Los debutantes Damien Macé y Alexis Wajbrot, cuya carrera profesional se había andado en el apartado de los efectos cinematográficos, elaboran hábilmente una pieza que, a falta de presupuesto, logra articular la factura técnica y la interpretativa de los actores, para mantener al espectador en vilo durante la escasa hora y media de duración del metraje. Misterio, suspense, juego del «gato y el ratón», al estilo de lo que hemos visto en cintas como «Hush» (2016), de Mike Flanagan, y una nada despreciable dosis de «slasher» durante el tercer acto, son los recursos con los que el tándem realizador consigue aprobar con nota su «examen de acceso» al oficio y arte de la dirección.
Sin destacar entre las de su especie, resulta una cinta muy eficaz que merecía lograr más extensa y mejor recepción entre el público; y aunque claramente está dirigida al sector de edades comprendidas entre la adolescencia y la juventud adulta, tanto en lo que respecta a lo que viven los protagonistas, como por el contexto del contenido de redes y uso de los cacharros digitales en la «era Youtube», los de la franja más granada en tacos también podemos hallar esa parte de identificación en lo que les ocurre a los que potencialmente podrían ser nuestros vástagos.
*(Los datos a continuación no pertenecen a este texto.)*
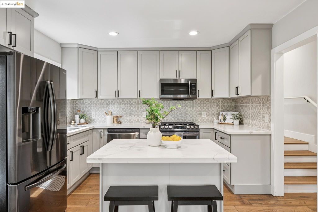 Introducing Bella Vista beauty, 901 E 28th St in Oakland, California! Built in 1912, this 1,290 sqft craftsman features 3 bedrooms and 1.5 bathrooms on a 4,950 sqft corner lot. This gem of a home boasts curb appeal with a palm tree-lined street and wraparound fence. The classic design is combined with pops of paint, tile and wallpaper to bring modern accents; and an abundance of natural light welcomes you. The open layout and indoor-outdoor flow makes everyday living and entertaining a breeze. Engineered hardwood, stainless steel appliances, an expansive deck and backyard with mature fruit trees and new artificial grass are just a few of the standout features. Located in a charming and thriving neighborhood near Lake Merritt with easy commuter and public transportation access.
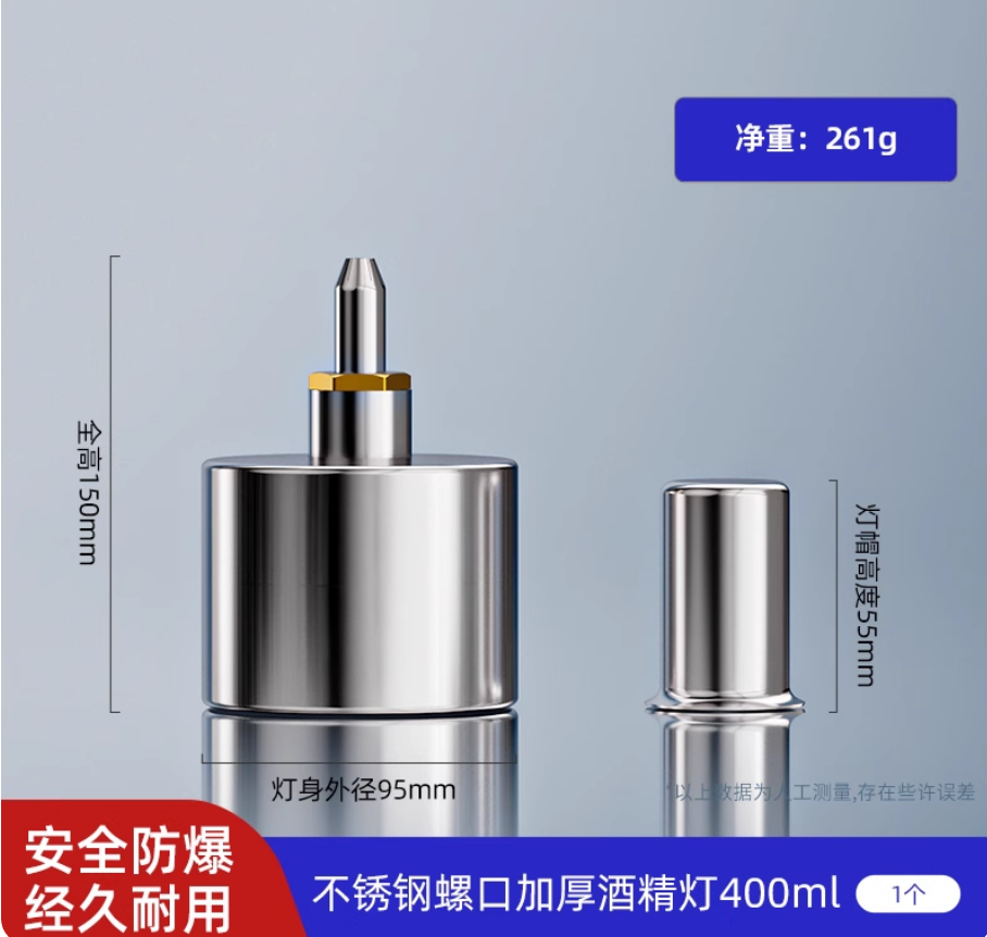 不锈钢酒精灯防爆酒精灯 不锈钢螺旋酒精灯400ml
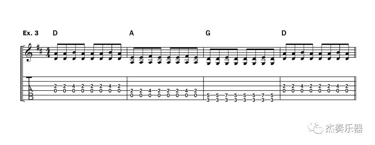 建议将此节奏型运用尝试的曲目:Beatlegs - “Revolution.”用八分音符演绎布鲁斯摇滚版Chuck Berry-“Johnny B. Goode”或the Beatles- “Come Together.”
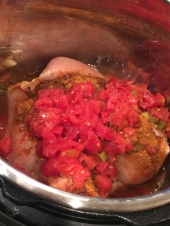 Throw it all in and stir it up. Put the lid on and set to manual for 15 minutes. (20 minutes here if you skip the next step. This time could be cut down if you wanted to cut the chicken into smaller pieces.)
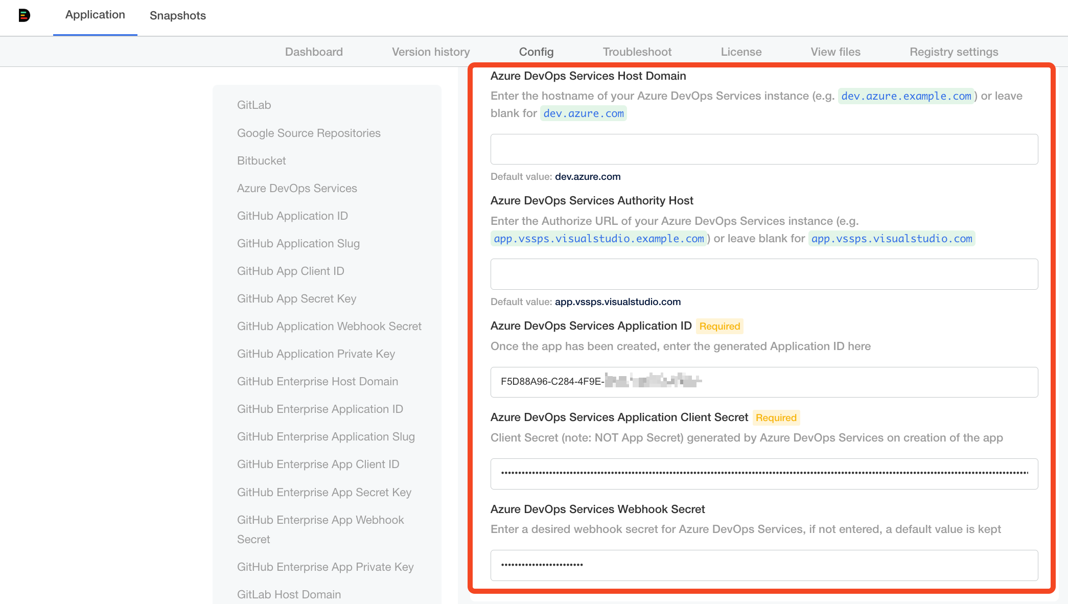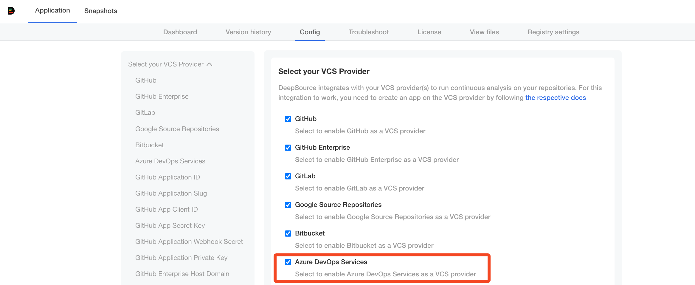 After you have created your Azure DevOps application, you need to configure it in the DeepSource Admin Console.
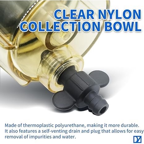 황동과 투명한 수거통과 같은 내구성 있는 소재로 제작된 이 필터 어셈블리는 신뢰성과 간편한 유지 관리를 제공합니다. 내장된 필터 엘리먼트는 미세 천공된 표면을 통해 불순물을 효과적으로 걸러내고, 투명한 수거통은 물과 이물질이 쌓인 곳을 명확하게 보여줍니다. 이러한 특징은 적절한 유지 관리를 보장하여 오염 물질로 인한 엔진 손상을 방지합니다.
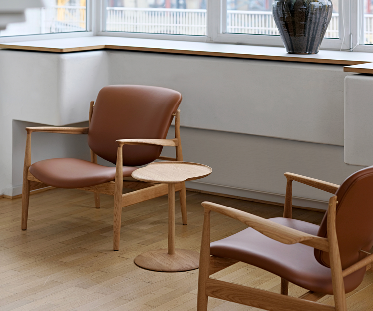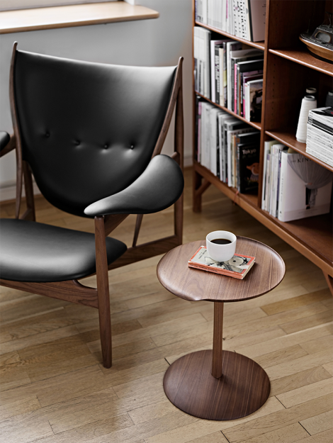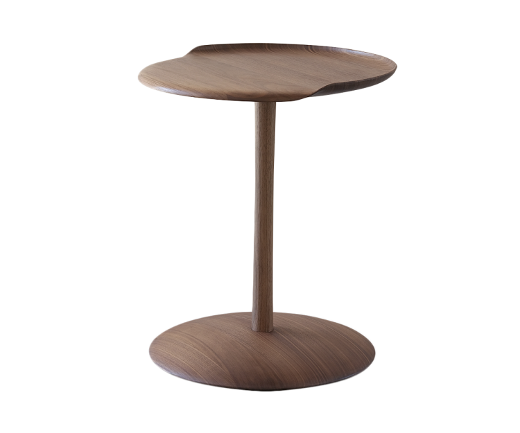 Sidebord i eg eller valnød fra Onecollection. Den definerende detalje ved Åkande-serien er kantens buede karakter. Denne funktion stræber efter at blødgøre udseendet af det hårde træ og give designet en levende og organisk form. For at opnå dette resultat spiller træ som eneste materiale en afgørende rolle da kunstige materialer aldrig ville tillade samme grad af taktilitet, varme og sanselighed.
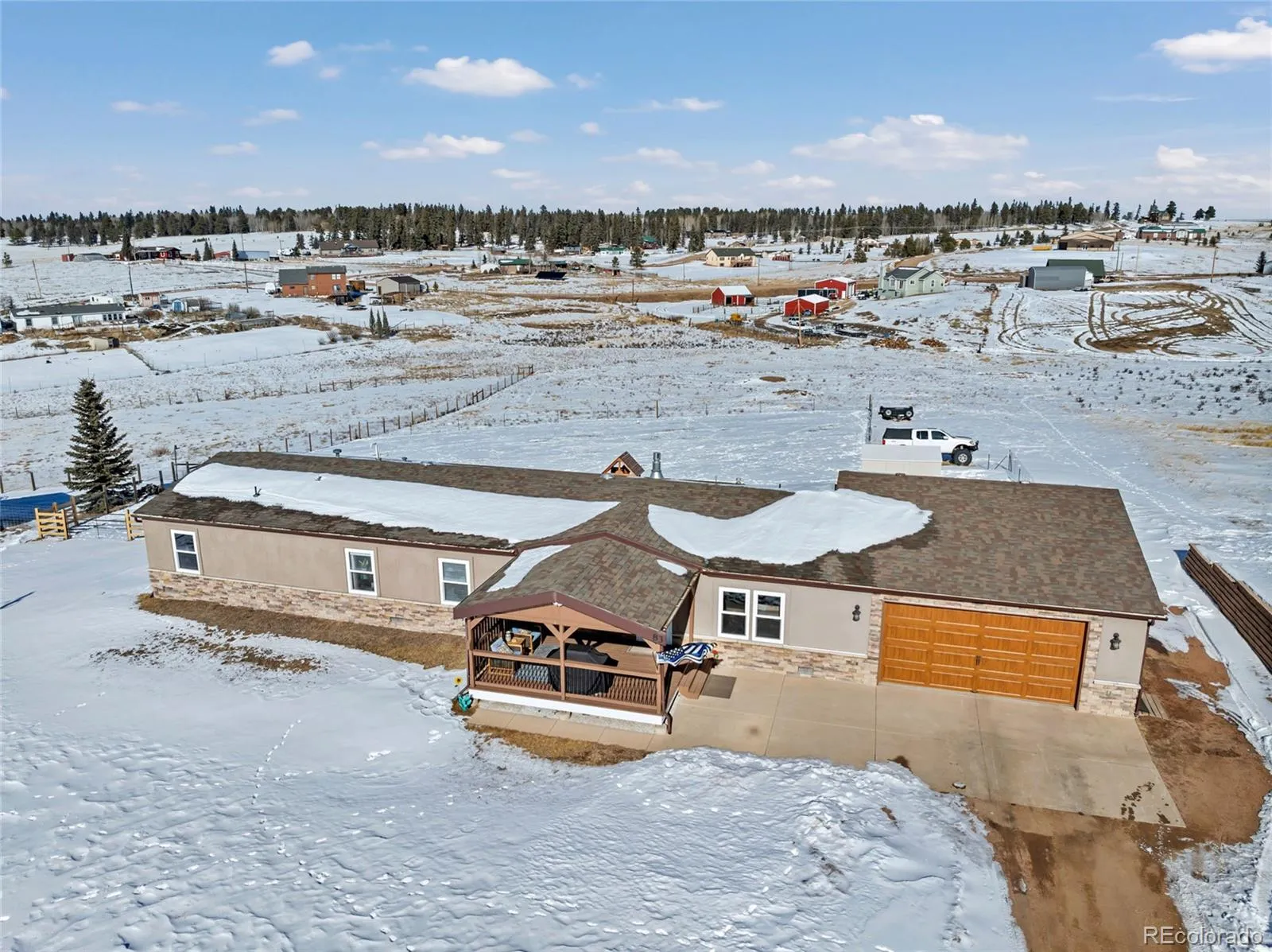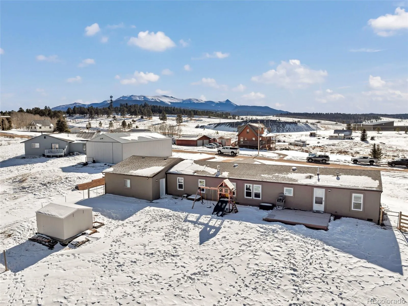 Welcome home to this beautiful mountain retreat, located just 15 minutes from Woodland Park. This property is filled with custom upgrades, including exposed wooden beams, butcher block countertops, textured walls, and a custom closet system in the primary suite. Enjoy true main-level living with 4 bedrooms plus an office. Recent improvements—such as a new furnace and a newer hot water heater—make this home move-in ready. The oversized 34′ x 22′ garage provides plenty of space for all your toys, tools, and even a full-size truck. RV owners will appreciate the dedicated parking area complete with electrical hookups. With 2 acres of usable land, there’s room for kids, dogs, and even horses to roam. Relax on the covered front porch and take in the sunrise and sunset over the mountains. This home offers the perfect blend of peaceful space and convenient access to nearby amenities.

Joe Johnson no está para dejar relajarse a la mente del espectador. Nada más empezar la película, nos sitúa en la angustiosa escena de la llamada a nombre de la policía, que recibe a plena noche Mrs. Kolbein, sola en su domicilio con su hija, advirtiéndola de que unos intrusos están en su casa, y que debe seguir las instrucciones de las autoridades. Al estilo de las películas de terror que empiezan con una pesadilla que termina súbitamente con el despertar sobresaltado de quien la padece, de repente se interrumpe este preámbulo para aterrizarnos entre cuatro jóvenes, estúpidos y caprichosos, que se dedican a gastar llamadas-broma aleatoriamente, con falsas alarmas, circunstancias amenazantes ficticias, tesituras emocionales estresantes… sólo para divertirse, y subir después las llamadas a su canal de «Youtube», conseguir sus «likes» y pasárselo teta a costa de sus angustiadas víctimas. Para ellos se trata de hacer de todos los días del año, el de las inocentadas (que los «espanish» y demás culturas de tradición cristiana identificamos perfectamente con el 28 de diciembre).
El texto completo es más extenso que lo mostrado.